7.9. Het Hof kon mijns inziens ook zonder verdere motivering oordelen dat niet ter zake doet dat [B] en [C] van elkaar onafhankelijk zijn, nu hun belangen bij belanghebbendes beursgang, gezien ’s Hofs vaststellingen, parallel liepen, in elk geval ter zake van de beloning van het management.
7.10. Het resultaat waartoe het Hof komt, strookt mijns inziens ook met doel en strekking van de crisisheffing, nl. een onverhaalbare loonsomheffing ten laste van werkgevers voor zover zij per werknemer meer dan € 150.000 per jaar als loon verstrekken. Dat de crisisheffing deels onvoorzienbaar met terugwerkende kracht werd ingevoerd, is genoegzaam gebleken en door u aangemerkt als weliswaar een schending van gerechtvaardigde verwachtingen, maar niet ernstig genoeg om het eigendomsgrondrecht van art. 1 Eerste protocol I geschonden te achten.
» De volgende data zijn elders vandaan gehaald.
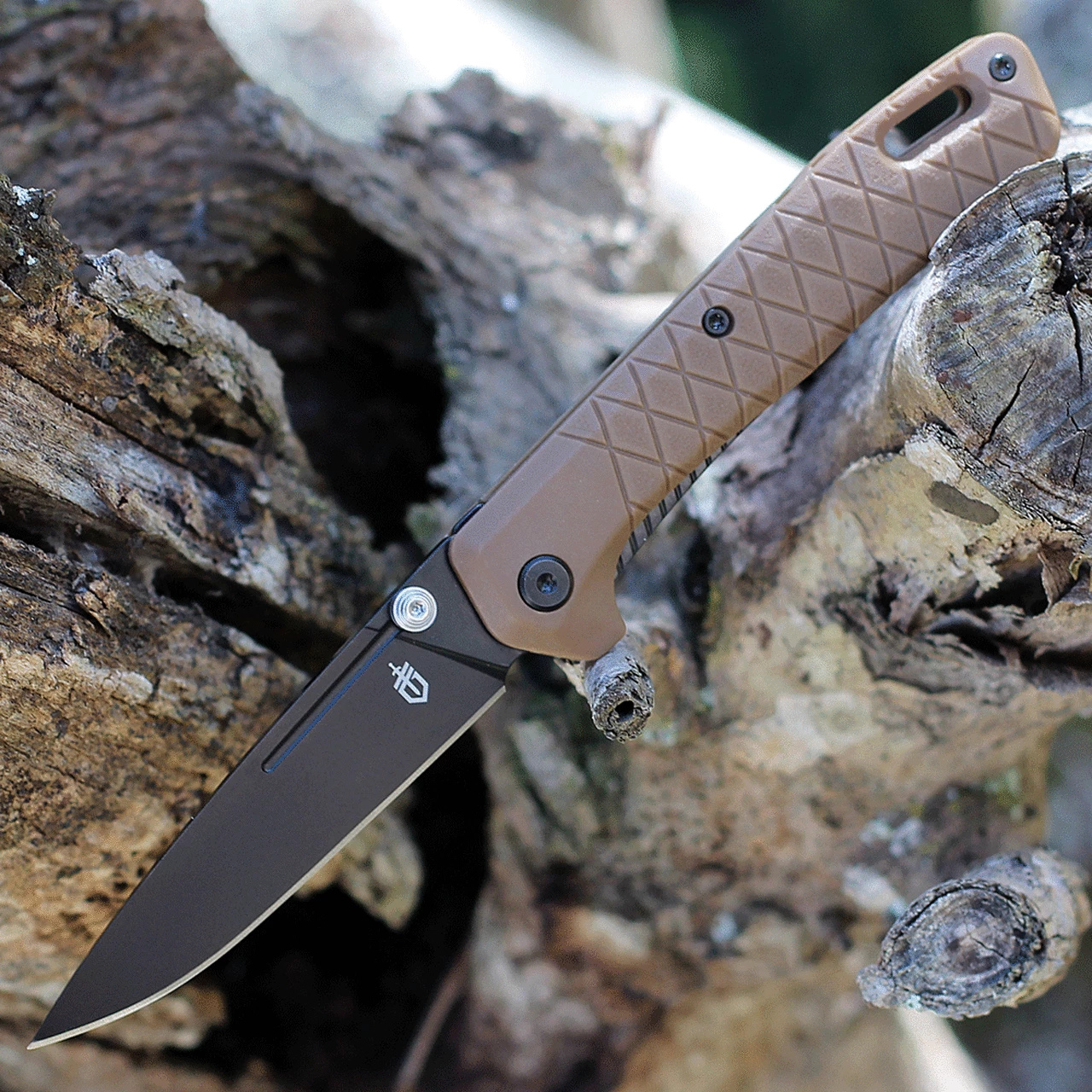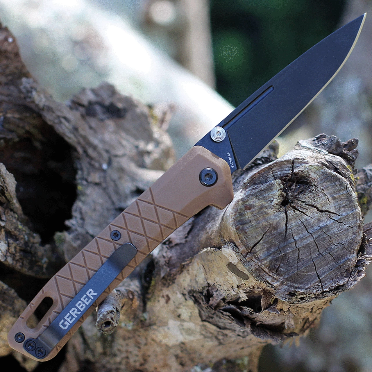 Gerber Zilch Folding Knife (30-001880) – 3.1″ Black Stainless Steel Drop Point Blade, Coyote Brown GRN Handle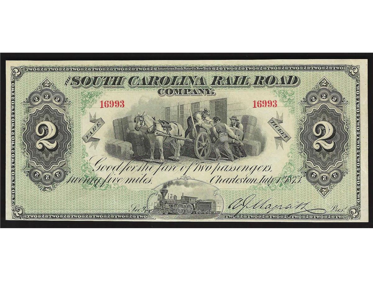 One 1873 $2 South Carolina Rail Road Company Obsolete Note.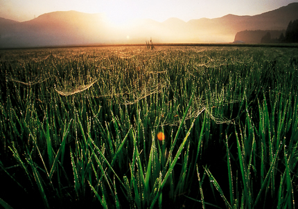 うっかりすると見過ごしてしまいそうな情景を作品にしている。創造力と構成力によって、目の前の情景をどのように撮影すると作者が受けた感動を皆に伝える作品が生まれるかといった発想が撮影者にある。逆光の朝陽に露を含んだくもの巣がきらきら光り、太陽の光と手前からあてたストロボの明るさのバランスもいい。撮影者のこれまでの経験がこの作品を生んだのだと思う。(田沼)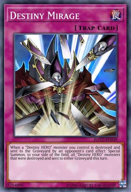 When a “Destiny HERO” monster you control is destroyed and sent to the Graveyard by an opponent’s card effect: Special Summon, to your side of the field, all “Destiny HERO” monsters that were destroyed and sent to either Graveyard this turn.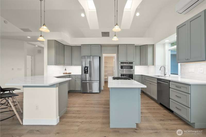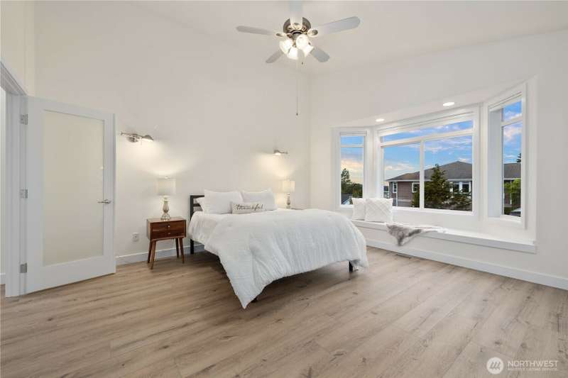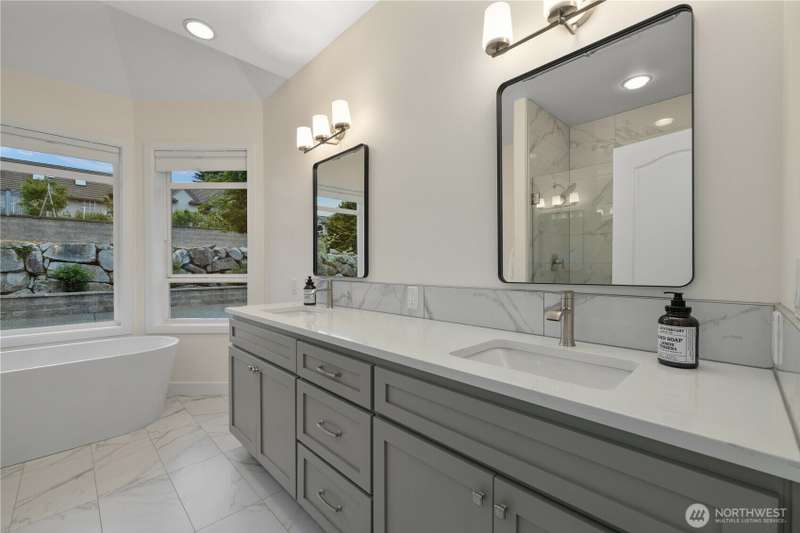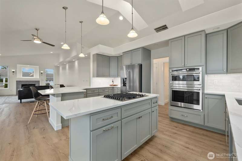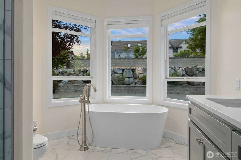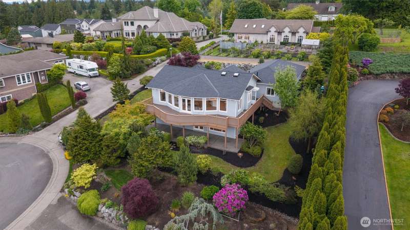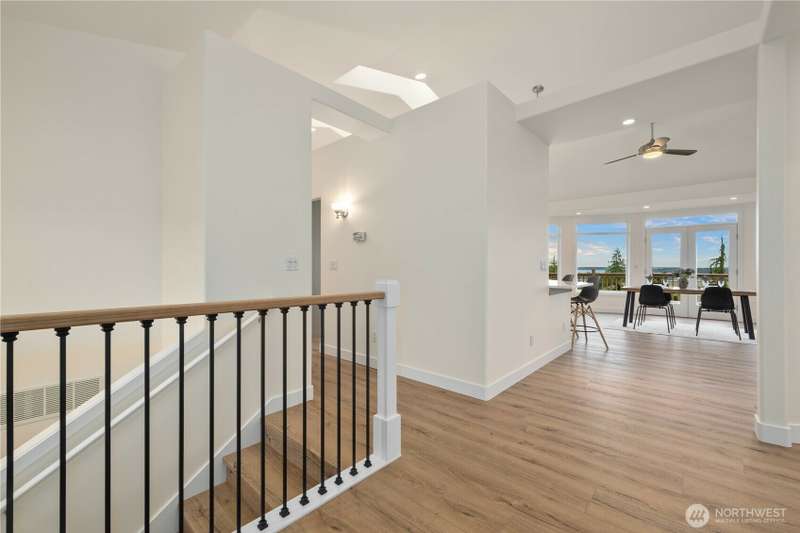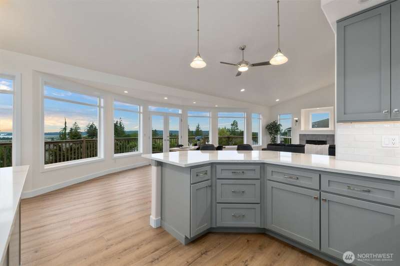 ~ Sit back and enjoy the view ~ Perched on an upscale hillside, this thoughtfully updated home enjoys panoramic views of the bay & Olympic Mountains. The open-concept kitchen/living is a chef’s dream — soak in the seascapes while using the stainless steel appliances, expansive quartz countertops, and ample cabinets. On the main floor, the primary suite welcomes you through French doors with a walk-in closet and elegant 5-piece bath. Downstairs offers a spacious flex space, 2 beds, den, ¾ bath, and utility room. Outside, enjoy sunsets on the Trex deck or shaded patio below for peaceful solitude. The large garage has 3 bays and a workspace, the perfect home for all your projects. Tucked away but connected, elevate your everyday.

7.11. Belanghebbendes beroep op vertrouwen gewekt door het Handboek loonheffing 2013, heeft dan inderdaad, zoals het Hof heeft geoordeeld, geen voorwerp: dat beroep gaat er immers van uit dat het niet om eigen loonverstrekking door de belanghebbende zou gaan, maar om loon van derden. De aandelentoekenning moet echter volgens het Hof op één lijn worden gesteld met loonverstrekking in opdracht en voor rekening van de belanghebbende, dus met eigen loonverstrekking door haar. Daarover zegt paragraaf 24.7 van het Handboek, dat de crisisheffing geldt voor werkgevers met werknemers die in 2012 meer dan € 150.000 aan loon aan tegenwoordige dienstbetrekking ontvingen, dus hetzelfde als art. 32bd Wet LB.
7.12. Ik meen dat ’s Hofs oordeel is gebaseerd op de juiste rechtskundige maatstaf, en dat zijn toepassing ervan op de door hem vastgestelde feiten geenszins onbegrijpelijk is en zijn motivering van die toepassing geenszins onvoldoende.
8. Conclusie
Ik geef u in overweging het cassatieberoep van de belanghebbende ongegrond te verklaren.